The event is also to celebrate an official send-off in conjunction with the Vladivostok-San Diego Sister Cities for two students who will attend the Vladivostok City Forum at the end of June. The two students attending the forum are Miguel Escobar-Evans, who was a PRP participant in Taiwan, and Zoe Zablow, who is a International Business Major at SDSU.
“Respect OB” – Public Safety Appreciation BBQ – June 7th
Please join OBceans on Sat., June 7th on Veteran’s Plaza (Newport and Abbott) from 12:00-3:00pm for a community-wide Public Safety Appreciation Barbecue! The groups hosting the event will be showing some much deserved appreciation for our public safety officers – including the San Diego Police Department, Fire Department, OB Lifeguards, and other emergency respondents – by treating them to a full barbecue lunch with all the fixins’. Obecians and community members are encouraged to attend the barbecue ($20/adult and $10/child under 12 and free for public safety officers). Please bring your beach chairs and towels for seating – community picnic style! This event is hosted under the umbrella of “RESPECT OB” by the OB Crime Prevention Committee, Ocean Beach Mainstreet Association, Noah Tafolla, Dave Martin and Shades Oceanfront Bistro, Cleaner Streets Initiative (CSI-OB), and the Ocean Beach Town Council.

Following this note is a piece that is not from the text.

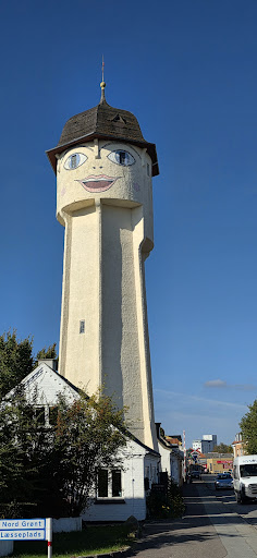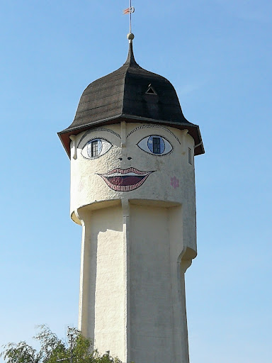 The water tower in Sakskøbing was built in 1908 by Christiani & Nielsen. In connection with the restoration in 1982, the tower was decorated with a smiling face, designed by architect Flemming Skude. Before the inauguration, the project with the face was controversial in the local area, but later the 'smile' has become a landmark of the city, and now goes by the nickname 'Saxine'. The face of the tower was...

Petition and Facebook Page Now Available to Support the OB Community Plan
Local OB planners are mobilizing the community in a showdown with the San Diego Planning Commission. They have created a facebook page to rally the troops to attend the City Council Hearing on June 30th: https://www.facebook.com/events/572003009585687/
Organizing Meeting for Support for OB Plan – Monday, June 16th
There will be another organizing meeting for efforts to educate and mobilize the community in support of the OB Community Plan – set for Monday, June 16th, 6pm at the Dog Beach Dog Wash. The effort needs OBceans to join together in this effort.
Friends of OB Library to Meet June 17
The Friends’ next meeting will be held on Tuesday, June 17, at 2 pm in our lovely and historic library. They will discuss the upcoming Book Sale, July 19, 9:30 to 12:30, and other exciting opportunities in our library and community. Everyone is welcome.
105th Anniversary of Collier’s Parklands – OB Historical Society – June 19th
The Ocean Beach Historical Society is celebrating an important historical gift to our peninsula. In 1909, D.C. Collier’s dream of a park for the future children of his beloved community was on it’s way to being established. A sixty acres tract on pueblo lot 206 was dedicated parkland, upon which Collier promised to plant thousand of trees without cost to the city. He’d also connect a road to the two main boulevards.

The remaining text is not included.